İÇECEK AROMALARI‘’Arkadaşım Grainger, laboratuvardan bir düzine cam tüp getirmişti. O tüpleri açıyor, ben de içlerine koku testi filtreleri daldırıyordum. Bunlar, aromalara zarar vermeden kimyasal maddeleri emen uzun beyaz kâğıt şeritlerdi. Şeritleri burnuma yaklaştırmadan önce,  gözlerimi kapatıyordum. Sonra derin bir nefes alıyordum. Cam tüplerden bir biri ardına yiyecekler fırlıyordu. Taze kirazlar, siyah zeytinler, soğan soteler, karidesler kokladım. Grainger’in en önemli eseri beni gafil avladı. Gözlerimi kapatır kapatmaz ızgara hamburger kokusu aldım. Sanki odada birileri kızgın bir ızgaranın üzerindeki hamburgerleri çeviriyordu. Ama gözlerimi açtığımda, karşımda sadece beyaz bir kağıt ve gülümseyen bir aromacı vardı.’’

Hamburger Cumhuriyeti adlı kitabın yazarı Eric Schlosser ‘aroma’ ile ilk canlı karşılaşmasını böyle anlatıyor; etkileyici..

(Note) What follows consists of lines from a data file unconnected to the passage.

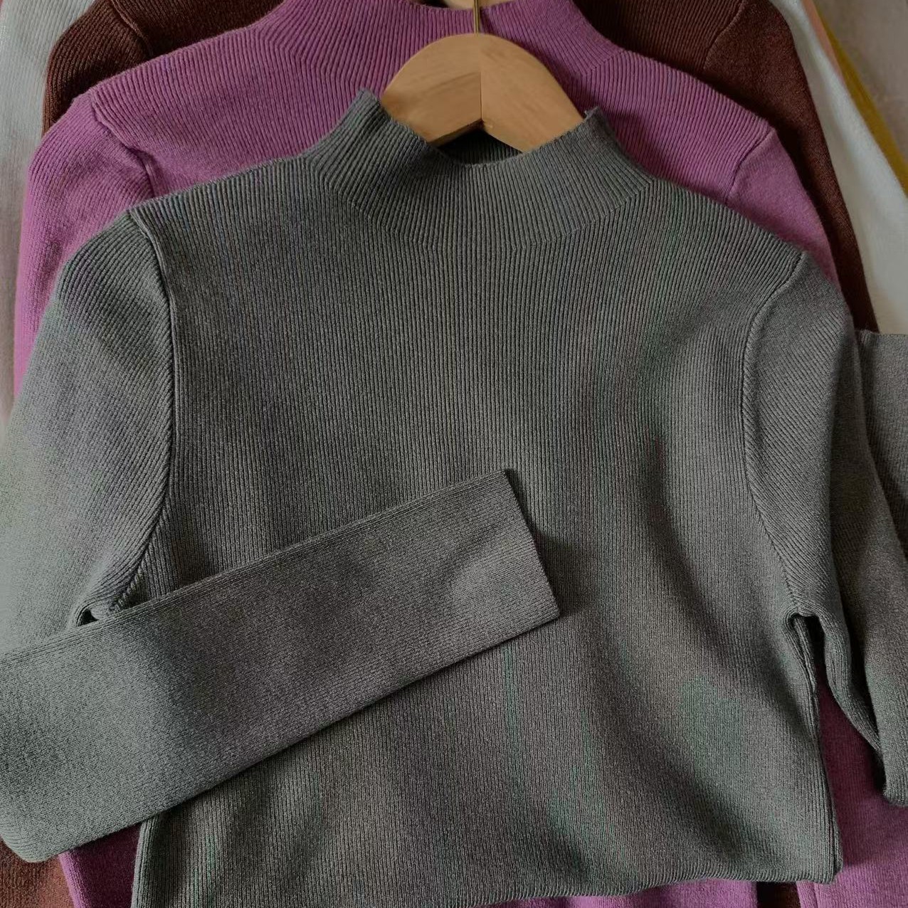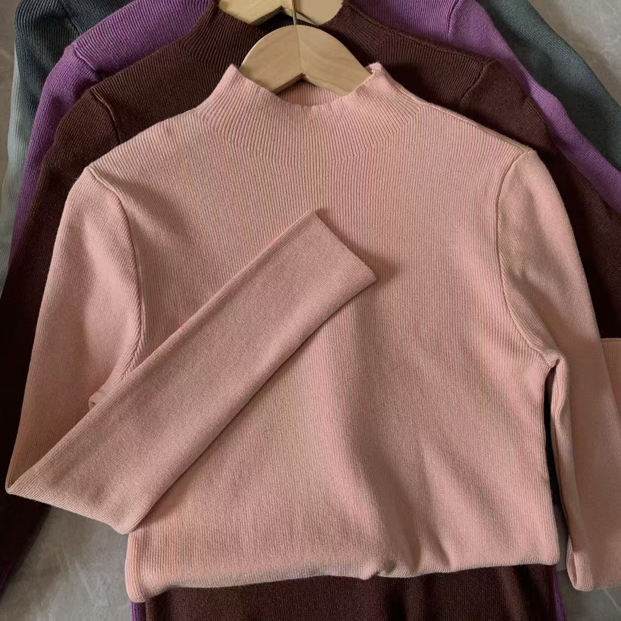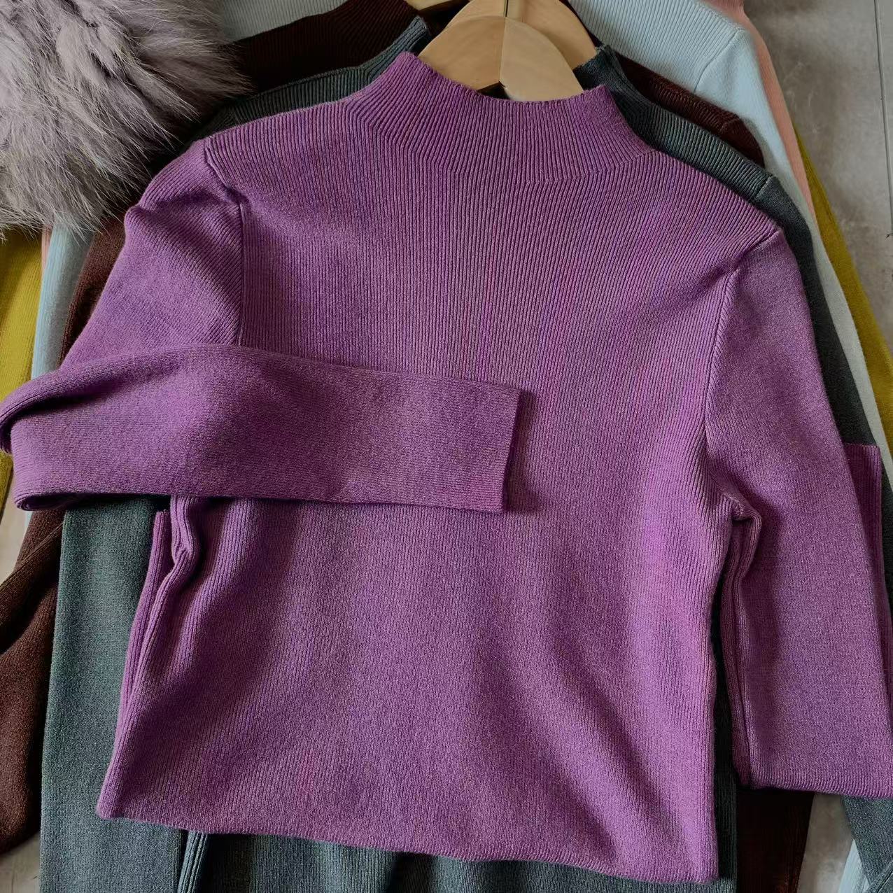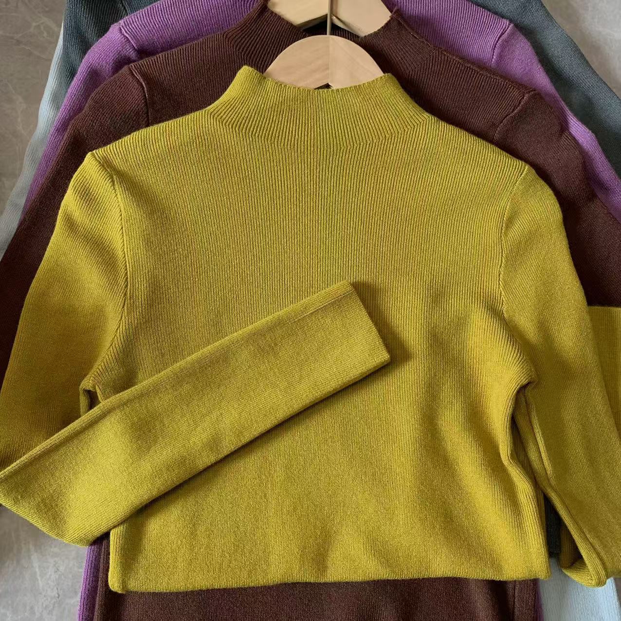 가을과 겨울 슬림 핏 슬림 핏 인테리어 스웨터 솔리드 컬러 웨스턴 스타일 새로운 긴팔 올 매치 탑을위한 하프 터틀넥 스웨터 베이스스토어 가기
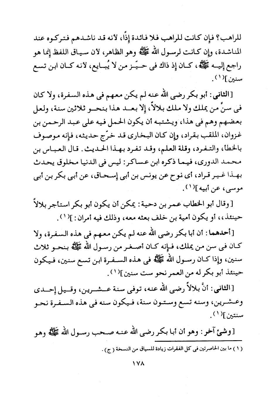 [الثاني: أبو بكر رضى اللَّه عنه لم يكن معهم في هذه السفرة، ولا كان في سنّ من يملك ولا ملك بلالا، إلا بعد هذا بنحو ثلاثين سنة، ولعل بعضهم وهم في هذا، ويشتبه أن يكون الحمل فيه على عبد الرحمن بن غزوان، الملقب بقراد، وإن كان البخاري قد خرّج حديثه، فإنه موصوف بالخطإ، والتفرد، وقلة العلم، وقد تفرد بهذا الحديث. قال العباس بن محمد الدوري، فيما ذكره ابن عساكر: ليس في الدنيا مخلوق يحدث بهذا غير قراد، أي نوح عن يونس بن أبى إسحاق، عن أبى بكر بن أبى موسى، عن أبيه] [ (1) ] .
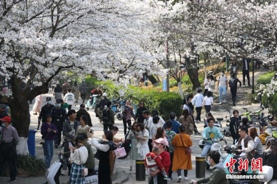 3月15日,武漢大學(xué)賞櫻預(yù)約首日,櫻花大道、鯤鵬廣場附近人潮涌動(dòng)。今年櫻花開放期間,武漢大學(xué)延續(xù)“實(shí)名限額、網(wǎng)絡(luò)預(yù)約、雙重核驗(yàn)”做法,面向社會(huì)公眾實(shí)行免費(fèi)預(yù)約賞櫻制,工作日每天預(yù)約限額1.5萬人,周末每天預(yù)約限額3萬人。此外,還將于3月18日舉辦醫(yī)護(hù)賞櫻專場,邀請?jiān)踽t(yī)療隊(duì)及湖北省內(nèi)抗疫醫(yī)護(hù)人員來校賞櫻,并在弘毅門(原西門)舉行歡迎儀式。 趙軍 攝
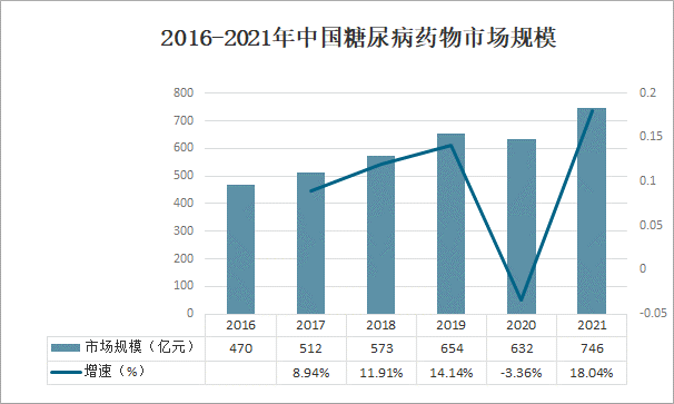 圖表4:2017-2021年中國(guó)糖尿病藥物行業(yè)市場(chǎng)規(guī)模
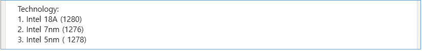위에서 나온대로 18A 공정을 내부에서 5nm로 보는 내용이 많은데 여기서는 3nm로 나온게 이상함.
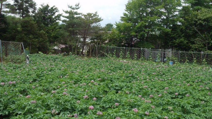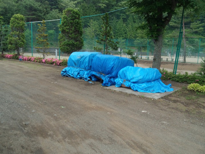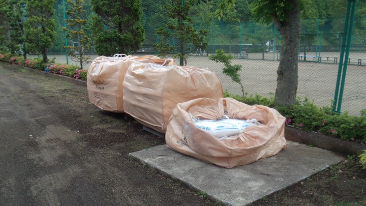 6月28日にお知らせした塩化カルシウムですが、テニスコートに散布するまでまだ日数があります。現在はブルーシートで覆って養生中。直射日光や雨から防いで品質を確保しています。14/07/04
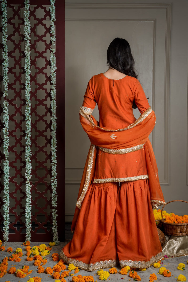Radiate warmth and elegance this wedding season in this stunning rust-orange sharara set paired with an intricately embroidered Dupatta. Sharara set and dupatta are embellished with intricate embroidery, laces and sequins.

Esas olarak ağzınıza koyduğunuz kimyasalların açığa çıkardığı gazların kokusu anlamına gelen ve    II. Dünya Savaşı’nın sonundan itibaren ABD’de dev bir endüstri haline gelen aromaların günümüzdeki kullanım sebepleri çeşit çeşit:

-Maliyetleri düşürmek                                                                                                                             -Gıdaya kendi aromasından farklı bir aroma kazandırmak,                                                           -Gıdada doğal olarak bulunan ve elde edilen ürünün kalitesini olumsuz yönde etkileyecek aroma bileşenleri ile istenmeyen tad ve kokuyu maskelemek,
-Gıda maddesinin zayıf olan aromasını kuvvetlendirmek,
-Gıdalarda doğal olarak bulunan lezzeti güçlendirmek.                                                                   -Gıdanın doğal aromasında meydana gelen mevsimsel değişiklikleri düzeltmek, işlem sırasında kaybolan aromayı geri kazanmak,

Aromalar önceleri sadece ‘’yapay’’ olarak elde edilirken, kimya bilimi ve kullanım alanları geliştikce türleri de artmış:

a. Doğal Aroma Maddeleri : Bitkisel veya hayvansal kaynaklardan uygun fiziksel, enzimatik ya da mikrobiyolojik yöntemler ile elde edilen maddelerdir. (Örneğin, Limon Otu’ndan buhar distilasyonu ile Limon Otu Yağı ve Doğal Sitral elde edilmesi  gibi. Yada  baharatlar, oleoresinler (kurutulmuş veya öğütülmüş baharatın uygun bir organik çözücüyle ekstraksiyonu ve çözücünün vakum altında uzaklaştırılması ile elde edilen ürün) ve uçucu yağlar gibi)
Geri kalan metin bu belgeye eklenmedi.